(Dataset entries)

::::::::

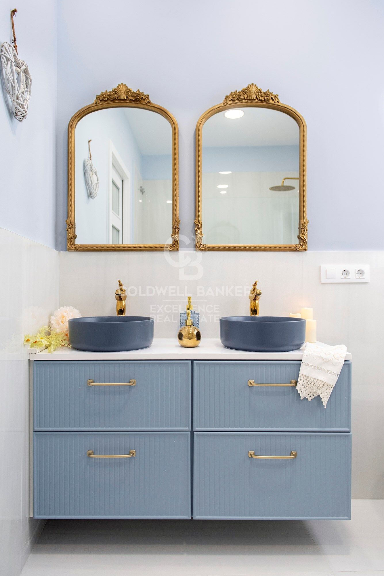 - Deuxième salle de bain complète avec design moderne, douche, meubles design et armoire pour le linge de maison.
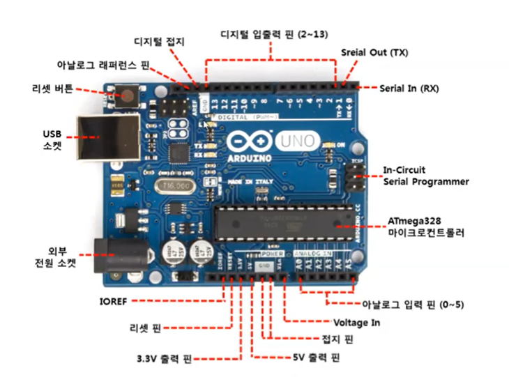 아두이노 보드 내의 디지털 및 아날로그 신호를 처리하는 과정도 간략하게 설명해주심.
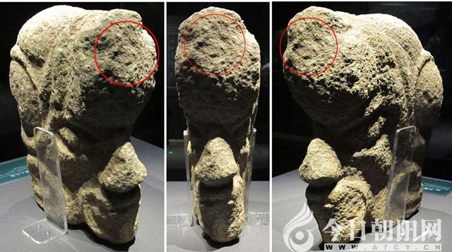 令人欣喜的是,筆者近日又有新的發(fā)現(xiàn):遼寧省博物館正在展出的紅山文化專題特展“又見紅山”中,有一件朝陽半砬山紅山文化遺址出土的石雕人頭像,其額頭上竟也隱約刻有標(biāo)準(zhǔn)的菱形符號,在特殊的角度拍攝,會明顯地顯現(xiàn)出來,見下圖。這是所有饕餮紋額間菱形符號的真正祖源!
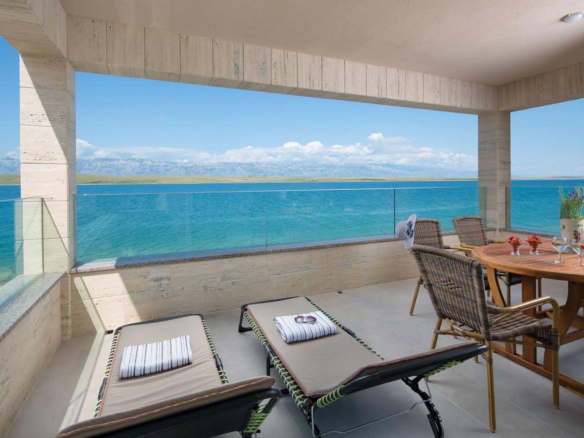 This luxurious, modern and newly furnished 4-star vacation rental for 2-4 persons is located directly on the beach, in a quiet area of Bobovik, on the island of Vir. The 50m2 apartment on the first floor of the house is divided into a bedroom, a bathroom with shower and a living and dining area with a fully equipped kitchen. In the living room there is a sofa bed for two more persons. Dishwasher, washing machine, air conditioning, satellite TV and Internet access via WLAN are among the further features. To the apartment belongs a balcony with a breathtaking view of the sea which is equipped with table, chairs and sun loungers, inviting You to relax and offering a space for breakfast and dinner. In the outdoor area all guests have a roofed pavilion with garden furniture at disposal. The nearest beach is about 10m from the property. This pebble beach stretches on a 7km long promenade along the coast with a magnificent sunset. Ideal for relaxing evening walks or more challenging fast walking or running.
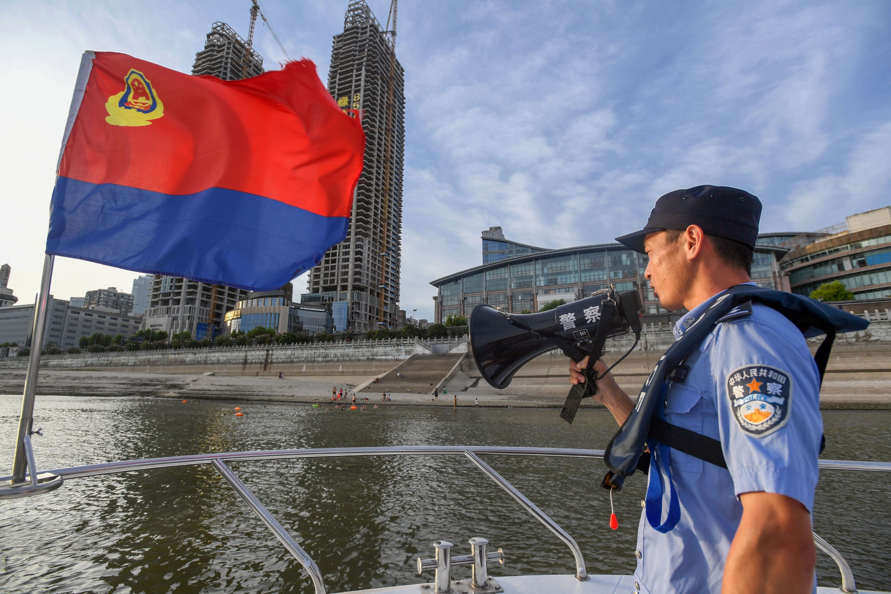 “江中间水流湍急,请勿靠近深水区!”夏日午后,长江、汉江沿线的游泳集中区域,总能听到警用无人机的空中喊话声。
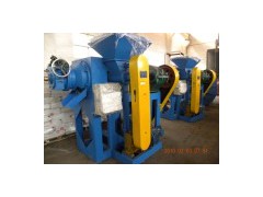 The machine is used to further crush rubber lumps into small granules. Armed with hard alloy cutting units, the machine adopts water cooling system to insure the output quality, Technical data: Diameter of roller 280 Rotate speed 30r/min Size of input granules ≤ 50*80mm Size of output granules ≤ 3-10mm Capacity 200-600kg/h Main motor power 45kw Feeding motor power 2.2kw Tempeture of cooling water ≤ 60 Dimension(L*W*H) 2.4*2*1.6m Weight 4.2T
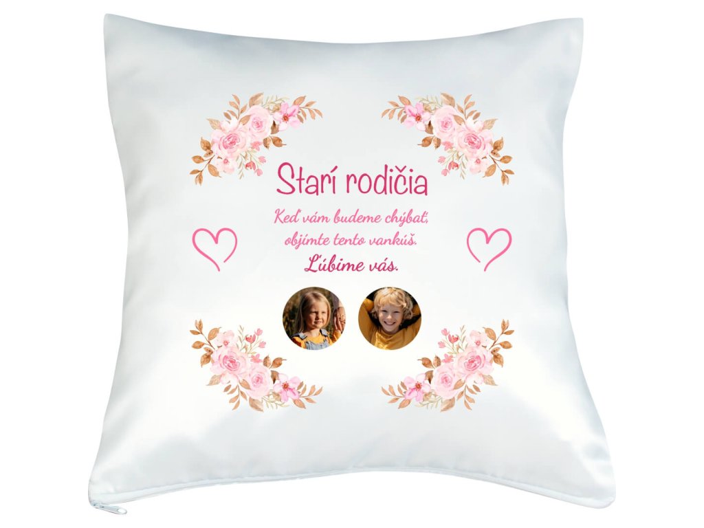 Vankúš s fotkou Starí rodičia objatie 40x40 cm FOTOpošta
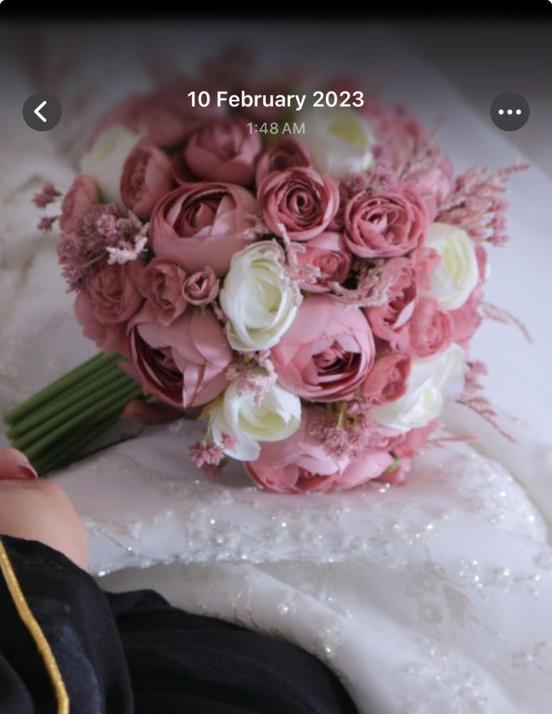 مسكه أنيقه وأنثويه ..مزيج من ورد البيبي بيونيا باللونين السكري و الزهري اللحمي مطعم باللاڤندر الوردي

::::::::

=== About this exercise ===
When you reach the line containing "아두이노 보드 내의 디지털" in the records above, write out that line and every line after it through the end, exactly, but omit the pictures.

=== Task output ===
 아두이노 보드 내의 디지털 및 아날로그 신호를 처리하는 과정도 간략하게 설명해주심.
 令人欣喜的是,筆者近日又有新的發(fā)現(xiàn):遼寧省博物館正在展出的紅山文化專題特展“又見紅山”中,有一件朝陽半砬山紅山文化遺址出土的石雕人頭像,其額頭上竟也隱約刻有標(biāo)準(zhǔn)的菱形符號,在特殊的角度拍攝,會明顯地顯現(xiàn)出來,見下圖。這是所有饕餮紋額間菱形符號的真正祖源!
 This luxurious, modern and newly furnished 4-star vacation rental for 2-4 persons is located directly on the beach, in a quiet area of Bobovik, on the island of Vir. The 50m2 apartment on the first floor of the house is divided into a bedroom, a bathroom with shower and a living and dining area with a fully equipped kitchen. In the living room there is a sofa bed for two more persons. Dishwasher, washing machine, air conditioning, satellite TV and Internet access via WLAN are among the further features. To the apartment belongs a balcony with a breathtaking view of the sea which is equipped with table, chairs and sun loungers, inviting You to relax and offering a space for breakfast and dinner. In the outdoor area all guests have a roofed pavilion with garden furniture at disposal. The nearest beach is about 10m from the property. This pebble beach stretches on a 7km long promenade along the coast with a magnificent sunset. Ideal for relaxing evening walks or more challenging fast walking or running.
 “江中间水流湍急,请勿靠近深水区!”夏日午后,长江、汉江沿线的游泳集中区域,总能听到警用无人机的空中喊话声。
 The machine is used to further crush rubber lumps into small granules. Armed with hard alloy cutting units, the machine adopts water cooling system to insure the output quality, Technical data: Diameter of roller 280 Rotate speed 30r/min Size of input granules ≤ 50*80mm Size of output granules ≤ 3-10mm Capacity 200-600kg/h Main motor power 45kw Feeding motor power 2.2kw Tempeture of cooling water ≤ 60 Dimension(L*W*H) 2.4*2*1.6m Weight 4.2T
 Vankúš s fotkou Starí rodičia objatie 40x40 cm FOTOpošta
 مسكه أنيقه وأنثويه ..مزيج من ورد البيبي بيونيا باللونين السكري و الزهري اللحمي مطعم باللاڤندر الوردي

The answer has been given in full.